Emmy-winning director Carlos Puga “Full-Dress,” an experimental feature film that keeps its audience guessing at every turn, will World Premiere as an Official Selection at 2019 Dances With Films film festival.
What begins as a traditional narrative structure quickly blooms into a mind-bending adventure whose repeated fourth-wall breaks set up a wholly original cinematic reveal. The film stars Christopher Abbott (“Catch-22,” “First Man,” “Whiskey Tango Foxtrot,” HBO’s “Girls,” “The Sinner”); Robin Lord Taylor (plays The Penguin in “Gotham,” “The Walking Dead,” “Law & Order: SVU,” “The Good Wife”), Lina Esco (“S.W.A.T.,” “Kingdom,” “Flaked,” “Free the Nipple”), Jimmy Akingbola (“Spectral,” “Arrow,” “Holby City”), Boris Lee Krutonog (“Star Trek VI: The Undiscovered Country,” “The Hunt for Red October,” “Thirteen Days”), among others, and is an Official Selection at Dances With Films, screening on Friday, June 21, 2019, at 9:00 p.m., at the TCL Chinese 6 Theatres, located at 6801 Hollywood Boulevard, Hollywood, California.
Director Carlos Puga says, “In ‘Full-Dress,’ audiences will experience a non-linear story that ends up speaking about moviemaking itself. We break the 3-act structure and also break the fourth wall throughout the film, mostly because I enjoy movies that do those things. Typically, when you sit to watch a movie, you know what you’re going to get, in terms of structure at least; you know you’ll follow characters through adversity and so on and so on, but I thought: what if right when you start to care about a character as an audience member, what if right then, that character became someone completely different, that you had to meet for the first time. What if the story itself completely changed.

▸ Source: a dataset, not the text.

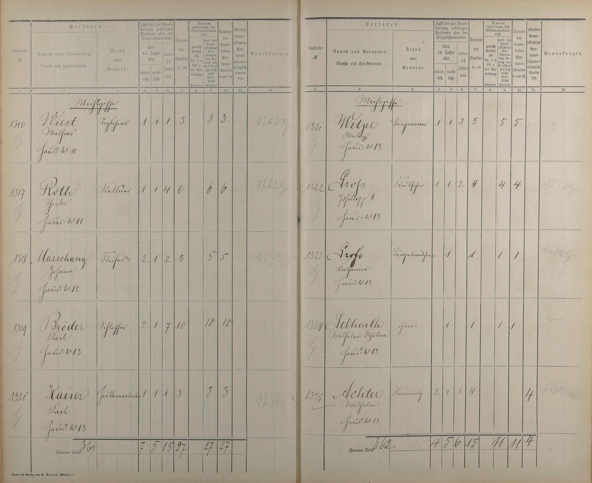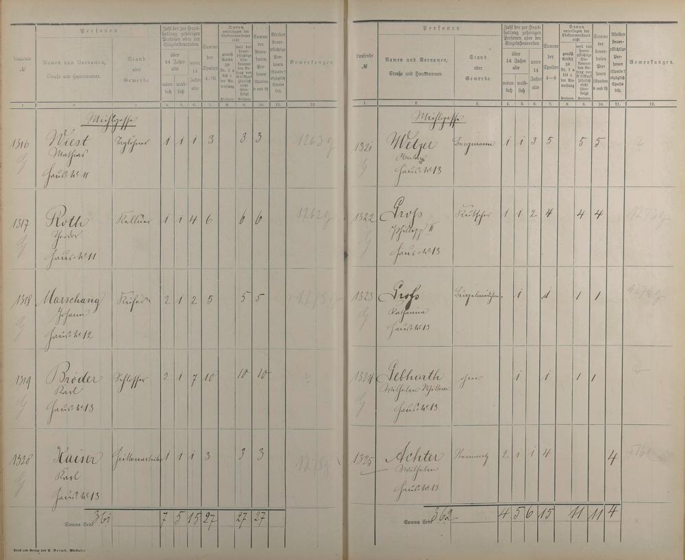 Einwohnerverzeichnis nach Straßen und Anzahl der steuerpflichtigen Personen

How would an audience react, and is there perhaps some value in finding out?”
He adds, “I wanted to develop an unexpected experience for the audience, something different, because to me, different is fun; and to do it, I drew inspiration from filmmakers like Luis Buñuel and Charlie Kaufman, as well as writers like Borges.”
The plotline begins with two friends who get into serious trouble after borrowing money from the mob in order to make a movie, but then shifts entirely to become the story of a successful film and TV actor, Christopher, (played by Christopher Abbott), who finds himself relegated to community theater as part of a DUI plea deal. And just as the audience learns that the previous plot of “friends making a movie” was simply the story within the play that Christopher is rehearsing, another, even larger surprise awaits.